"""

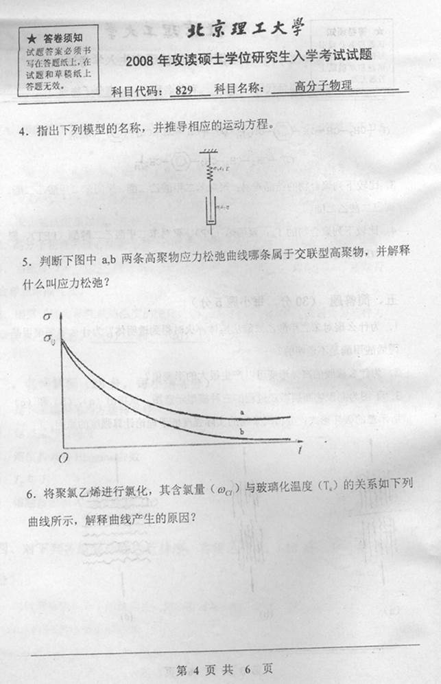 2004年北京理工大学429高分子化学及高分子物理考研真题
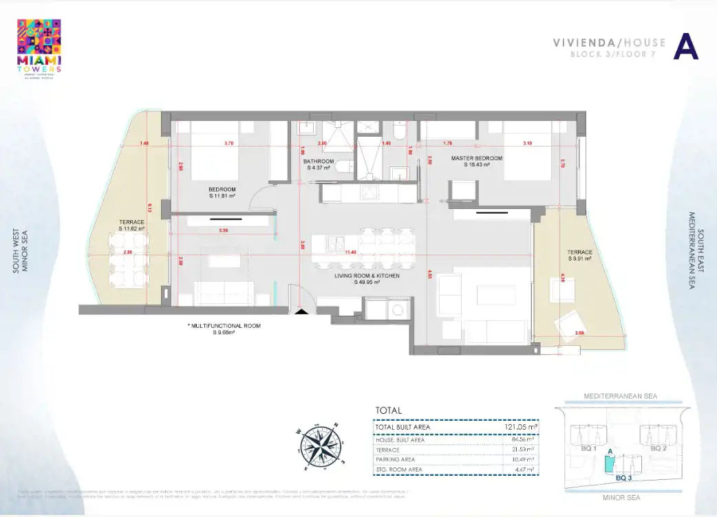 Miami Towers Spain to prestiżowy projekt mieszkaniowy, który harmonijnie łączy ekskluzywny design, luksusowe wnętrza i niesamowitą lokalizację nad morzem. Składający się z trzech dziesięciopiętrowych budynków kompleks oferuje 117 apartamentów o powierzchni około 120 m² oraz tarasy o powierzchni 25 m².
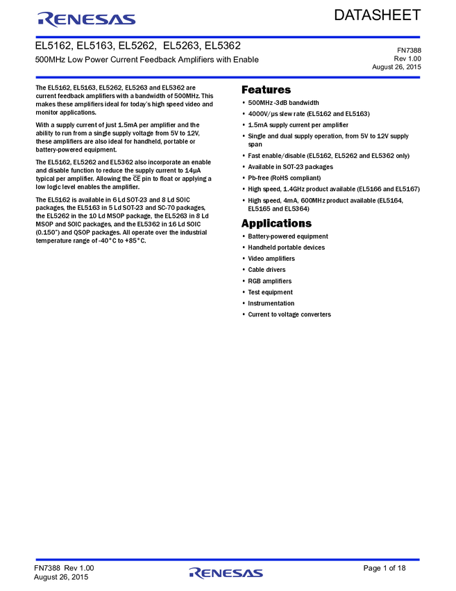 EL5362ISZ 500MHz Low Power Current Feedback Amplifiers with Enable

"""
"""

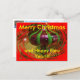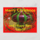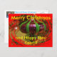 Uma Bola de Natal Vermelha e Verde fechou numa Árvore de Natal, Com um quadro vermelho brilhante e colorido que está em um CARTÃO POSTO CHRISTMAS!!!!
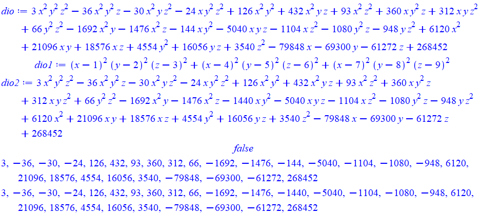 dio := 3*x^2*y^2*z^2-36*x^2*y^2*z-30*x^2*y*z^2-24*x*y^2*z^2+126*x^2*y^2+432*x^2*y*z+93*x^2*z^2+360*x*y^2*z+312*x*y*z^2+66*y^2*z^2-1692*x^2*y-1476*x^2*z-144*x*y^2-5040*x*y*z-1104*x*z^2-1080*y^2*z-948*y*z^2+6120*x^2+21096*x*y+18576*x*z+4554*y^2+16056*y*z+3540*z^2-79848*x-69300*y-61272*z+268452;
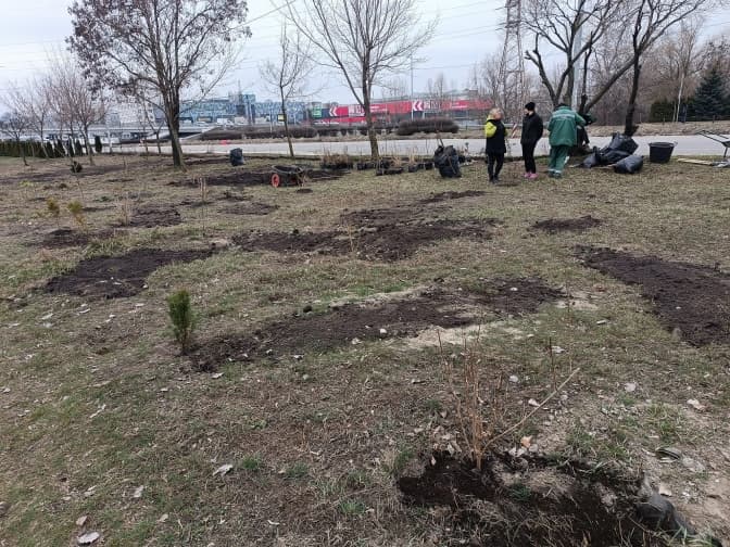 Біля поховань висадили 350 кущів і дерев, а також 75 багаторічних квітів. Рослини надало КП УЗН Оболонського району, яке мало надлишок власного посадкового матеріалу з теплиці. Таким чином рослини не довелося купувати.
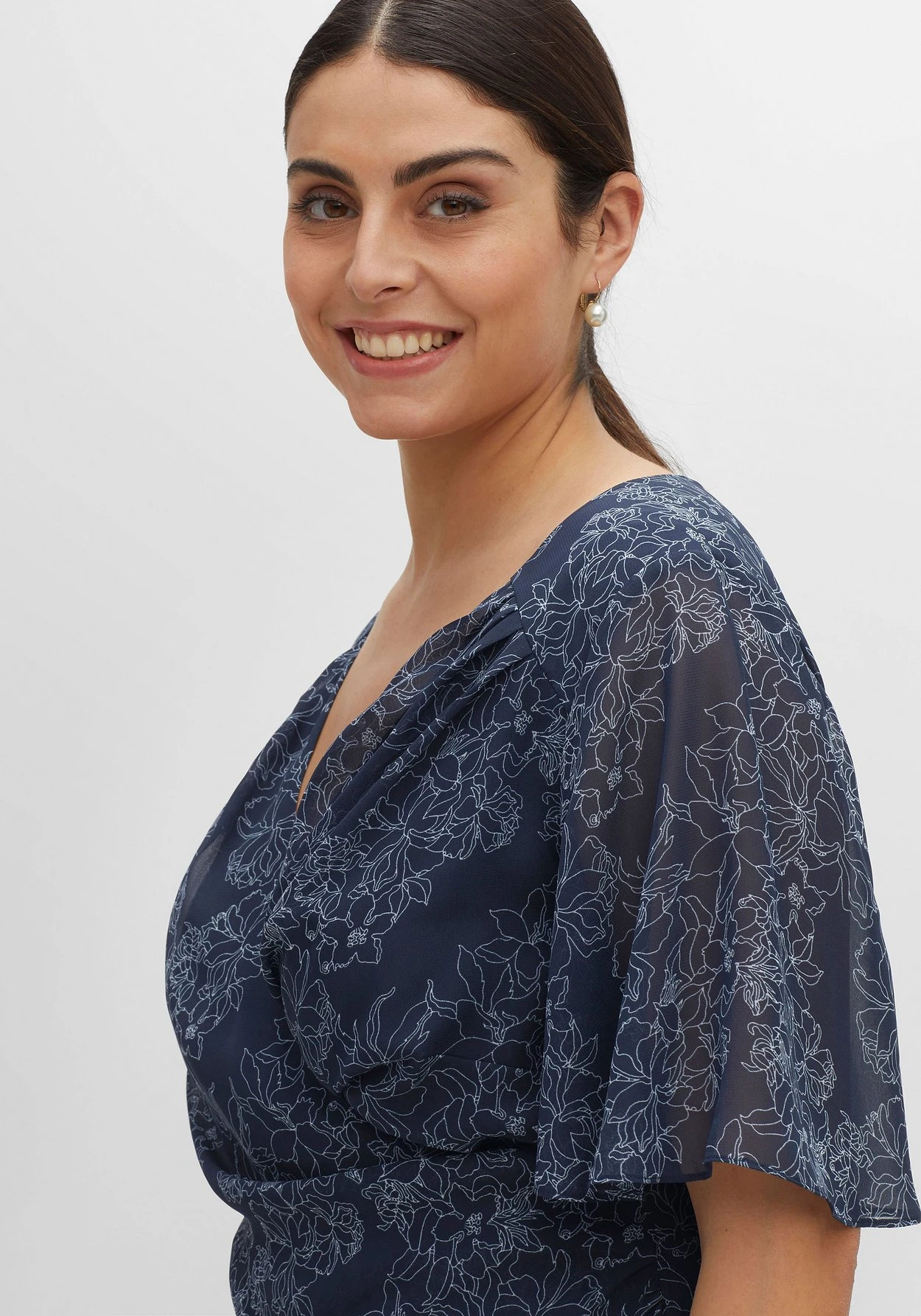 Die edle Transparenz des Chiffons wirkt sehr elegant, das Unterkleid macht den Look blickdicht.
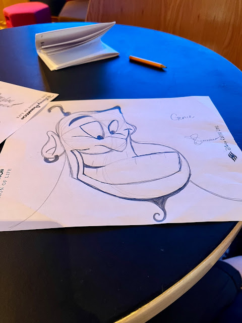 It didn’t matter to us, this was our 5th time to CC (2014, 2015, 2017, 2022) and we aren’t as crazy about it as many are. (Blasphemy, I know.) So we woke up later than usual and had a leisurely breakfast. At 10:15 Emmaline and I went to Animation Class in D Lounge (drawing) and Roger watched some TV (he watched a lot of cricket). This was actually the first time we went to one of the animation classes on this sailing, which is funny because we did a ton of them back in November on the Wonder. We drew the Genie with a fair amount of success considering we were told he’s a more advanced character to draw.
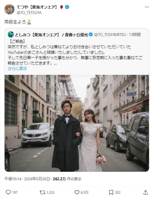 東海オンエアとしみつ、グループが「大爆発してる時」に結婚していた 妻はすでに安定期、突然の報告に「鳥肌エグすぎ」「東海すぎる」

"""
"""

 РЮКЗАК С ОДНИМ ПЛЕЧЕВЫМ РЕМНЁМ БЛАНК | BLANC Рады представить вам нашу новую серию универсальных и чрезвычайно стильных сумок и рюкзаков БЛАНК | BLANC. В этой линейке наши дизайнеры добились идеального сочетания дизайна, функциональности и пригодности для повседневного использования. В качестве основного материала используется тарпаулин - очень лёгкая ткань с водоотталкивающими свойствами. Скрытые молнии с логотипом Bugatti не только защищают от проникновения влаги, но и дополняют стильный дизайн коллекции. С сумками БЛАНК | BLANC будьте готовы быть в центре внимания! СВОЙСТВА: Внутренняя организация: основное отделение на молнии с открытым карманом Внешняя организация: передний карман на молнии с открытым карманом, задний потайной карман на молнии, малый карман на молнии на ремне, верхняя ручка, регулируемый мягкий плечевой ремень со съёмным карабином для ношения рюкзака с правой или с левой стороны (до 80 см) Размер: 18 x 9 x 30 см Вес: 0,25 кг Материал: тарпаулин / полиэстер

"""

Required work:
The output is the stretch above from the line with "Die edle Transparenz" through the line with "東海オンエアとしみつ、グルー", copied word for word with both ends kept and every picture dropped.

Worked solution:
 Die edle Transparenz des Chiffons wirkt sehr elegant, das Unterkleid macht den Look blickdicht.
 It didn’t matter to us, this was our 5th time to CC (2014, 2015, 2017, 2022) and we aren’t as crazy about it as many are. (Blasphemy, I know.) So we woke up later than usual and had a leisurely breakfast. At 10:15 Emmaline and I went to Animation Class in D Lounge (drawing) and Roger watched some TV (he watched a lot of cricket). This was actually the first time we went to one of the animation classes on this sailing, which is funny because we did a ton of them back in November on the Wonder. We drew the Genie with a fair amount of success considering we were told he’s a more advanced character to draw.
 東海オンエアとしみつ、グループが「大爆発してる時」に結婚していた 妻はすでに安定期、突然の報告に「鳥肌エグすぎ」「東海すぎる」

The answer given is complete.